> _GIVEN INFORMATION_

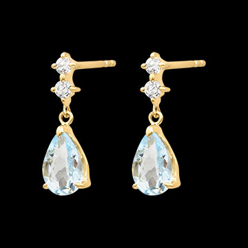 RAJSKI PTAK NR 50Kolczyki - Żółte złoto 375 - Diament laboratoryjny, Akwamaryn ID : 3971
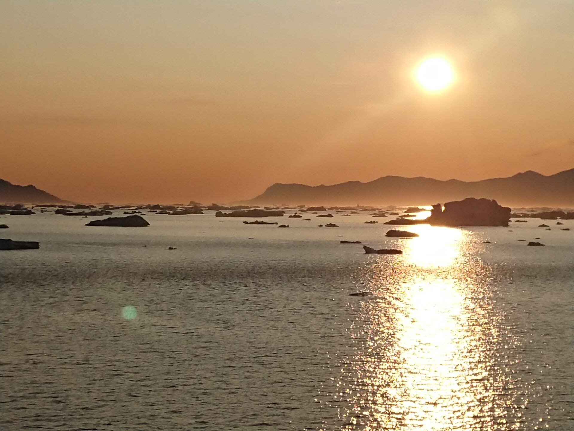 De retour sur le bateau, nous traversons le Disko Bay. Les icebergs deviennent de plus en plus gros et fréquents et peu après notre départ tout le monde sort sur le pont pour voir les énormes icebergs. Grâce à notre capitaine, nous pouvons faire un tour autour un des icebergs avec le Fram pour le voir de tous les côtés. Aussi les heures du soir sont spectaculaires. Lentement, nous naviguons à travers les icebergs flottants vers le soleil couchant. Avant d’arriver à Ukkusissat, il nous reste encore beaucoup de chemin à faire. Mais le temps passe vite, nous devons choisir entre les conférences passionnantes de l’équipe de l’expédition et le panorama impressionnant du passage.
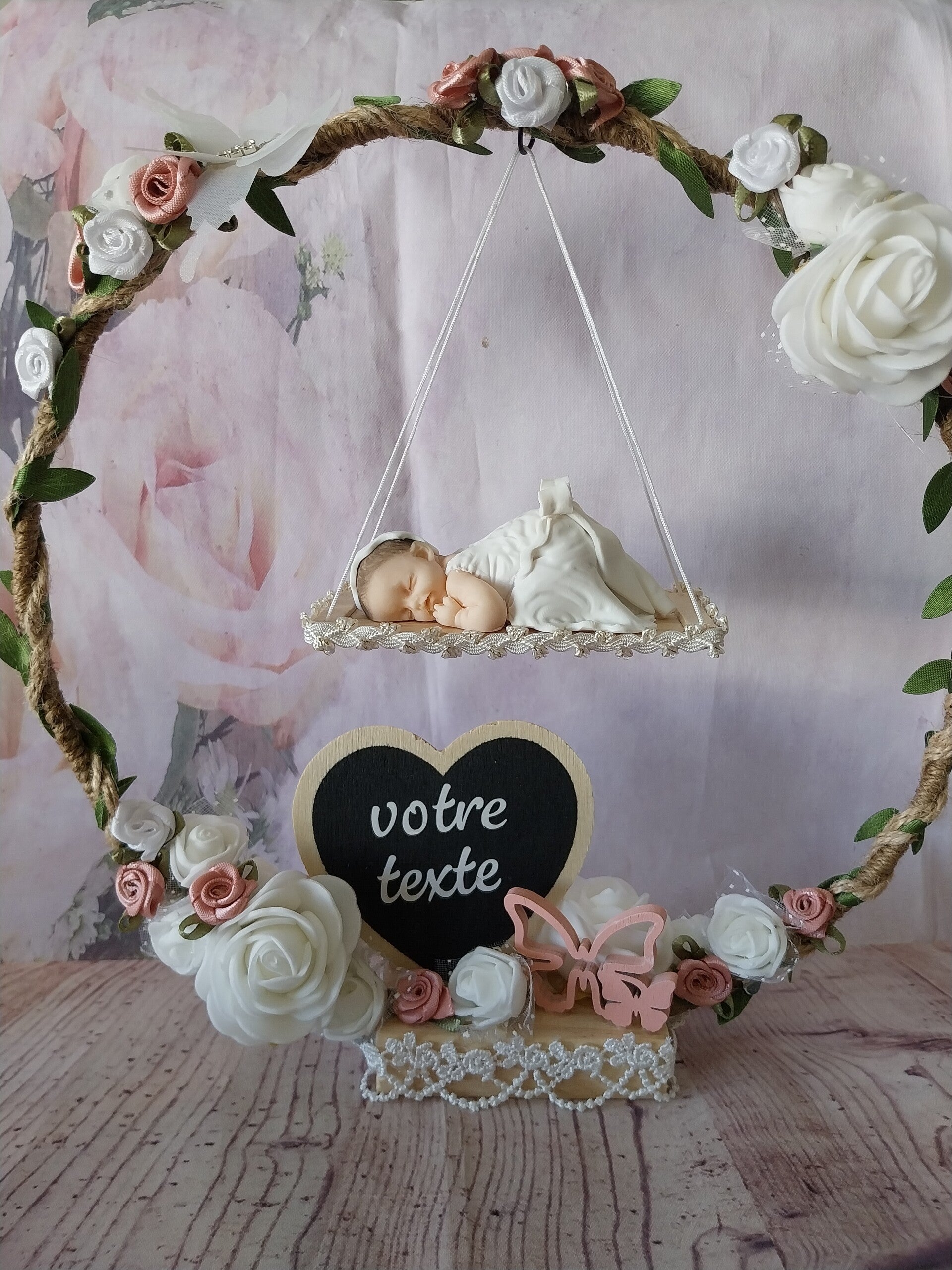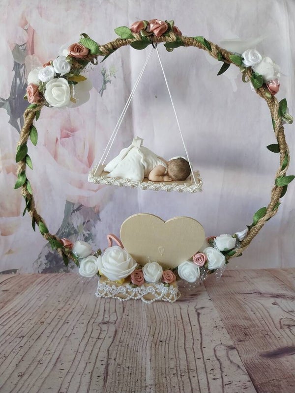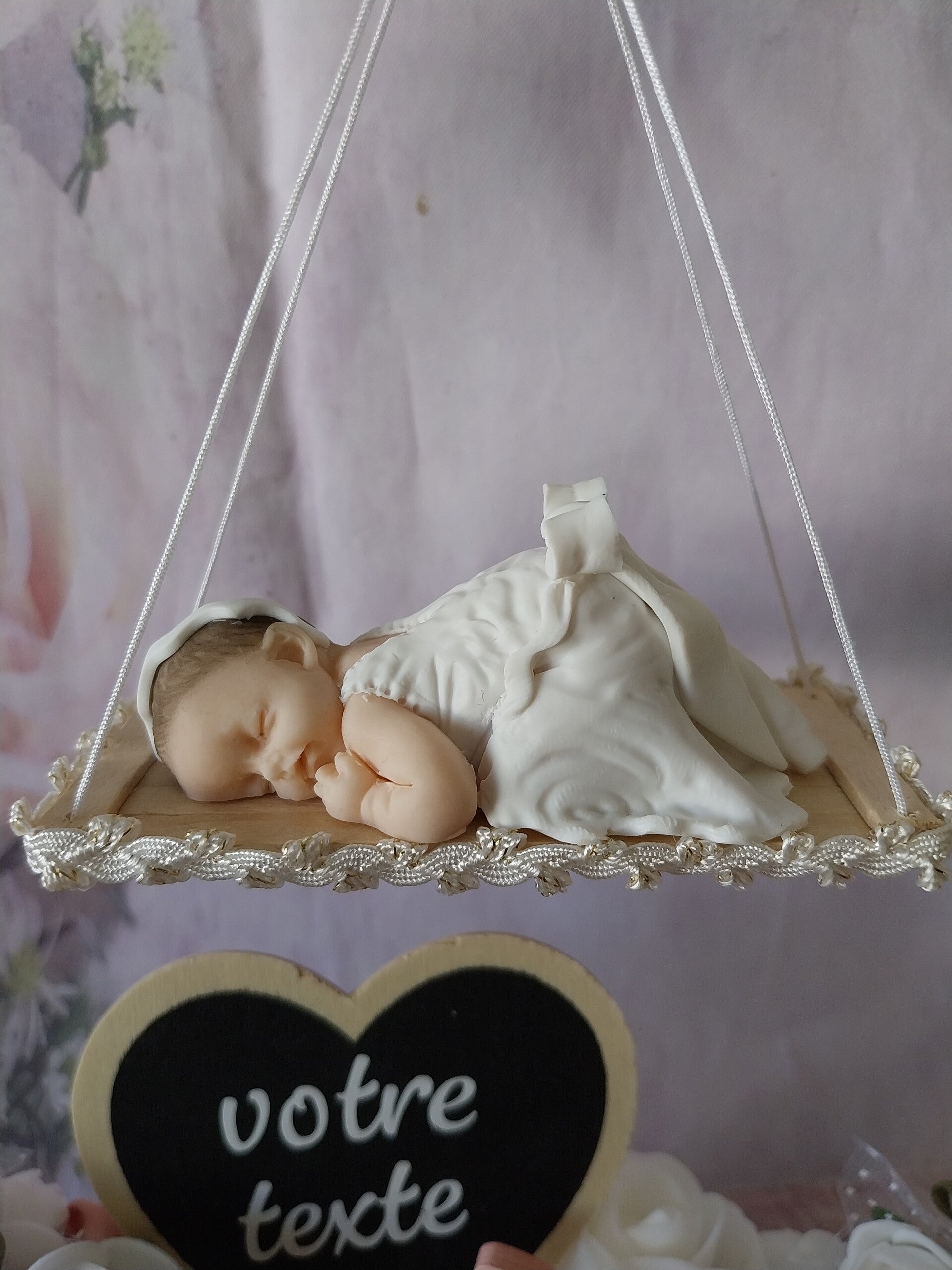 Centre de table avec figurine bébé fimo fille.

> _AIM OF THE EXERCISE_
The listing above must be repeated exactly. Its pictures are not part of the copy.

> _TASK RESPONSE_
 RAJSKI PTAK NR 50Kolczyki - Żółte złoto 375 - Diament laboratoryjny, Akwamaryn ID : 3971
 De retour sur le bateau, nous traversons le Disko Bay. Les icebergs deviennent de plus en plus gros et fréquents et peu après notre départ tout le monde sort sur le pont pour voir les énormes icebergs. Grâce à notre capitaine, nous pouvons faire un tour autour un des icebergs avec le Fram pour le voir de tous les côtés. Aussi les heures du soir sont spectaculaires. Lentement, nous naviguons à travers les icebergs flottants vers le soleil couchant. Avant d’arriver à Ukkusissat, il nous reste encore beaucoup de chemin à faire. Mais le temps passe vite, nous devons choisir entre les conférences passionnantes de l’équipe de l’expédition et le panorama impressionnant du passage.
 Centre de table avec figurine bébé fimo fille.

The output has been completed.